L’Indice SED-TOX s’est inspiré de l’approche BEEP (« Barème d’effets écotoxiques
potentiels »), à l’origine conçue pour l’évaluation du potentiel toxique d’effluents industriels
(Costan et al., 1993). Depuis, la stratégie BEEP a été appliquée par plusieurs pays et fait l’objet
d’un certain raffinement (Blaise et Férard, 2005). Le but des deux approches est identique :
intégrer un ensemble de données bioanalytiques (i.e., générées à partir d’une batterie
multitrophique de bioessais) en une seule valeur qui s’avère utile pour l’évaluation du danger
toxicologique global d’un échantillon à l’égard d’organismes exposés. Le « danger »
toxicologique reflète la possibilité que des effets toxiques néfastes se produisent ou puissent se
produire suite à une exposition à un ou des contaminants présents à un site sédimentaire
particulier (US EPA, 1992).
Les deux approches sont similaires en plusieurs points :
• toutes deux de nature déterministe, elles impliquent la transformation des données
bioanalytiques sur une échelle unique, de façon à les rendre comparables,
• les deux approches requièrent : (i) la transformation des réponses bioanalytiques en
Unité Toxique (UT) – expression quantitative du potentiel toxique des substances
dans un échantillon – sans tenir compte de substances responsables de la toxicité
observée, et (ii) le calcul de leur moyenne. Les UTs se calculent comme suit : UT =
100/mesure, où la réponse peut être exprimée de différentes façons.
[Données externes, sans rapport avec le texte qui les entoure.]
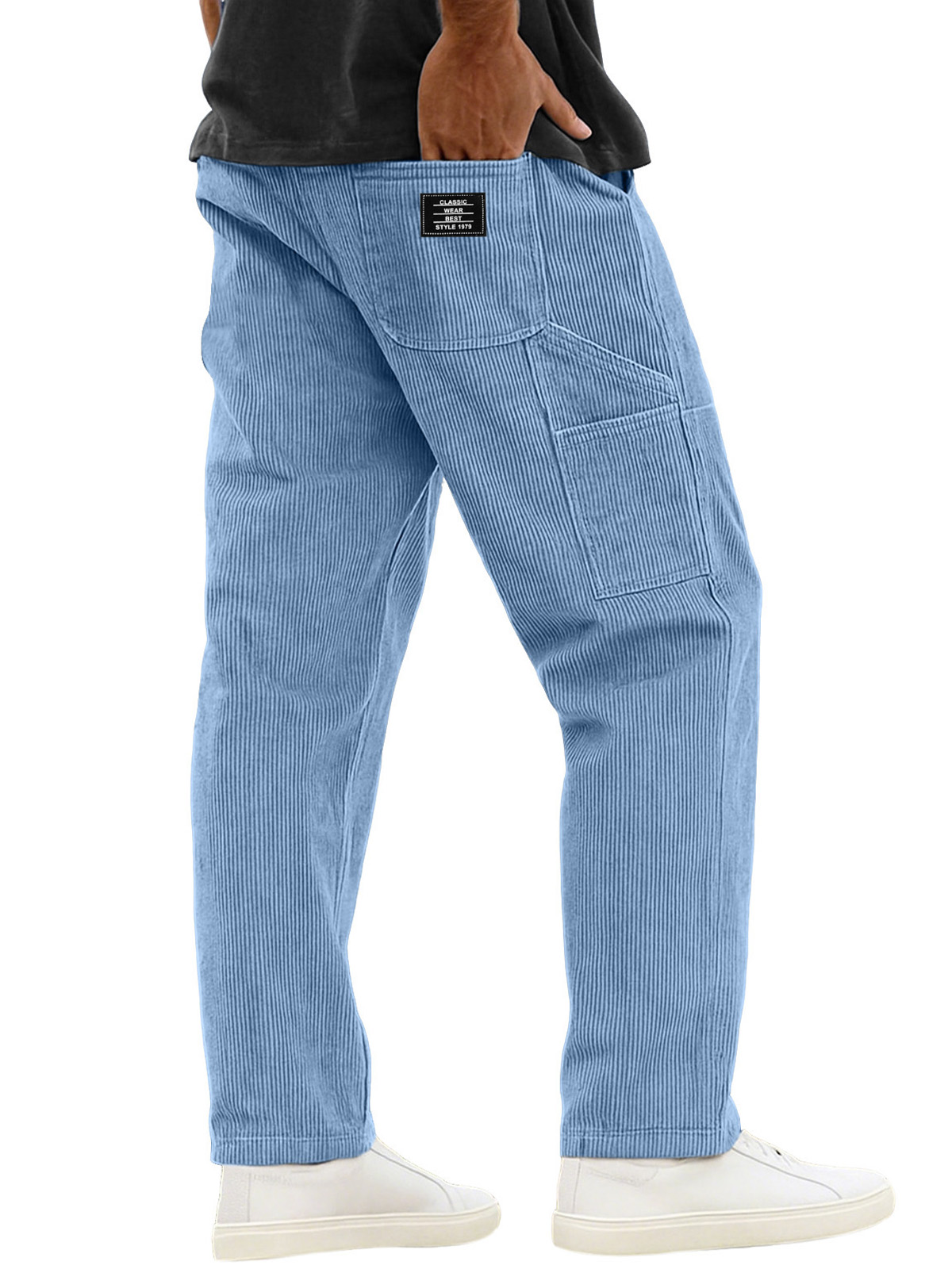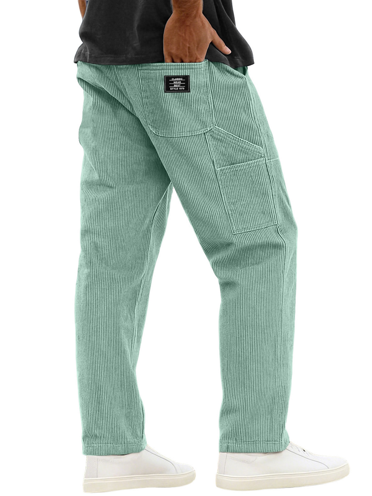 Men's Vintage Corduroy Pocket Embroidered Logo Casual Solid Color Trousers
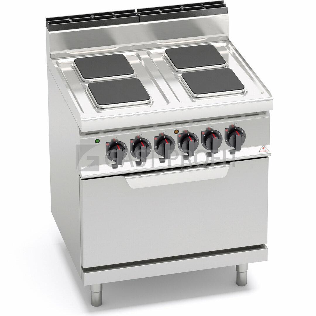 Sporák s troubou je vybaven varnými plotýnkami z litiny. Pracovní plochu lze doplnit o ocelovou výplň prostoru mezi plotnami, čímž se dosáhne celistvé pracovní plochy. Teplota je regulována nezávisle nastavitelnými spínači. Přímá kontrola teploty umožňuje významně uspořit energie. Topná tělesa jsou hermeticky uzavřena v jednom celku, který je lisován v rovině do varné desky. Pracovní plocha a opláštění z nerez oceli AISI 304. Litinová varné plotýnky s bezpečnostním termostatem a regulací výkonu. Kompaktní provedení s otevřeným podstavcem. Konvekční trouba vhodná pro GN 1/1, nebo model se statickou multifunkční troubou pro GN 2/1. Trouby mají nově zesílené litinové dno a jsou vybaveny kvalitním těsněním dveří.

Dans le cas du
BEEP, les réponses toxiques sont rapportées en concentration seuil d’effet (CSE), ce
qui représente la moyenne géométrique de la concentration minimale dans une série
de dilutions à laquelle des effets nocifs sont observés (CMEO) et la concentration la
plus élevée sans effet observé (CSEO). La CSE représente un estimé de la
concentration d’effluent à partir de laquelle un effet toxique peut se manifester. Dans
le cas du SED-TOX, les réponses toxiques varient selon le bioessai utilisé.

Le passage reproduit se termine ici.